冷たい熱帯魚
1993年、埼玉県で起きた事件をもとに作られた、園子温の作品。
どんな話か
■あらすじ【ネタバレ注意】
【起】熱帯魚を売る社本は、万引した娘を助けてくれた同業者・村田とつながりができる。
【承】村田のビジネスパートナーとして商談に同席していると、殺しの現場に遭遇し、犯罪の片棒を担がされる。
【転】山奥で「ボディーを透明」にするうち、村田と殴り合った社本はおかしくなる。
【結】そして、みんないなくなった。
みどころ
みどころは、みんな狂っていることである。
【社本】熱帯魚店店主
殺しと隠蔽を行うことに生理的にも抵抗があったが、村田と殴り合ううちにタガが外れて、豹変・暴走を始める。

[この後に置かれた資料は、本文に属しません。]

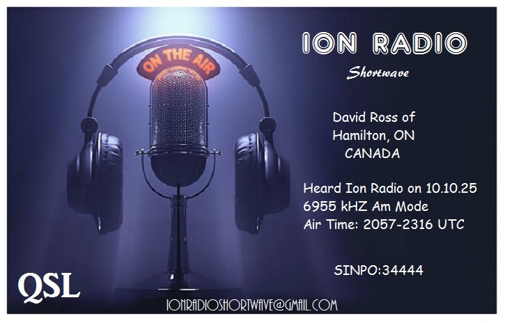 Ion Radio eQSL 6955 AM 2057 UTC 10 OCT 2025

作中で数少ない、はじめからまともな人間だが、村田が社本に眠る狂暴さを呼び起こさせる。
【村田】熱帯魚店経営者
詐欺的な手法で金をせしめ、周りの人間のボディを透明にしていく。
曰く、殺しは慣れ。狂気的な手法で証拠隠滅を図る。
話術と暴力で周りの人間を支配していく。
【愛子】村田の妻
村田の共犯者で、証拠隠滅にも手慣れた腕前を持つ。
気性の荒い性格で、殺しと性交に同様の快感を得ている。
終盤に向けて、その両方が交錯する。
【美津子】社本の娘
万引きがもとで、村田のショップで働く。
肉食魚が小魚を食べる様子に不気味な笑みを浮かべる。
社本の暴走によって生じた惨状に狂い笑う。
所懐
またとんでもない映画を見てしまった。
本作の存在を知ったのは、高校時代の現代社会の授業である。
実話をもとにした映画で人権?が裁判で云々カンヌンという内容で紹介されていた。
人間的な弱さにつけこまれて、気づいたときには引き戻せなくなるという、
ともすればわたしたちの生活の中でも、程度の違いこそあれ、存在する心理
状況だと感じた。
これが実話だったら怖すぎる。
埼玉ではこんなことが起きていたのか・・・
普段は絶対にホラー映画は見ないのだが、これも分類によってはホラー映画になってしまうのだろう。
おばけも幽霊も出てこないが、登場人物の狂気と行為がとんでもないホラーなのである。